Gosset part 2: small sample statistics

[This article was first published on Category R on Roel's R-tefacts, and kindly contributed to R-bloggers]. (You can report issue about the content on this page here)
Want to share your content on R-bloggers? click here if you have a blog, or here if you don't.

Simulation was the key to to achieve world beer dominance.

‘Scientific’ Brewing at scale in the early 1900s

Beer bottles cheers

Beer bottles cheers

This post is an explainer about the small sample experiments performed by William S. Gosset. This post contains some R code that simulates his simulations1 and the resulting determination of the ideal sample size for inference.

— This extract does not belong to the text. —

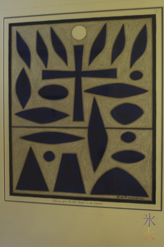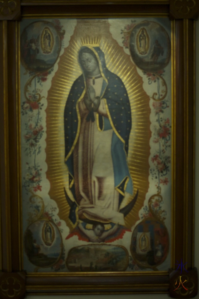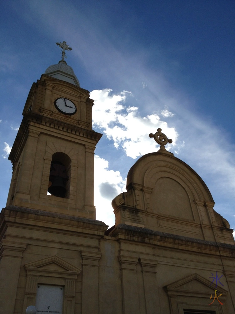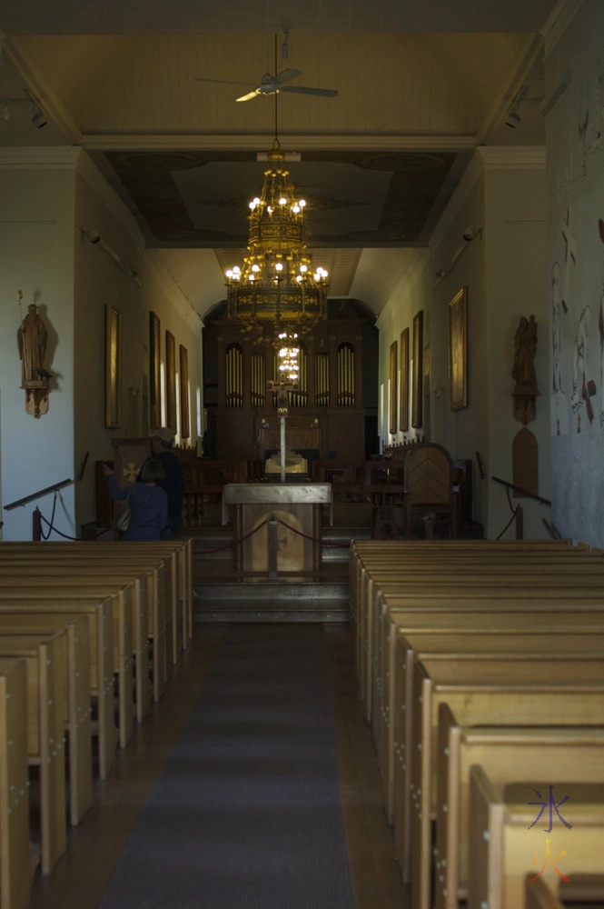 Another ghost story is that of a blue nun-looking ghost that apparently flies around the bell tower as it chimes midnight. I walked into the church, remembered having to go in there for mass when I was up for art camp, said as much to the kids and then turned around and walked out, taking a photo of the stained glass above the door from the inside before making my escape. It didn’t turn out too well and neither did the shot JJ tried to take of the painting (called “The Mother of Good Counsel”) inside the church that turned back a bushfire (the story goes that a bushfire was threatening the town so one of the abbotts grabbed the painting from inside the church, ran back out and brandished the painting at the bushfire while praying to be saved, the wind changed direction and blew the fire away from the town and the fire died out soon after).

If you brew your own beer, or if you want to know how many samples you need to say something useful about your data, this post is for you.

I am a big fan of Gosset, look only at my work room:

Yes that is the wikipedia portret of William Gosset! and so I am absolutely fascinated with the work that Gosset did. In fact I think he is the first data scientist.

If you are not interested in how beer is made, and just in the simulation go to the heading simulation.

Brewing beer (at scale)

One of the problems William S. Gosset worked on was determining the quality of Malt. To brew beer you need at least 3 ingredients, yeast, hops and a cereal grain2. On a high level it is very simple: You start with extracting the starch from the grain into water. You then flavor the resulting sweet liquid with hops and ferment that mixture with yeast. Put it in a barrel or bottles and you are done! This is quite doable for small batches, but boy does it get difficult at scale!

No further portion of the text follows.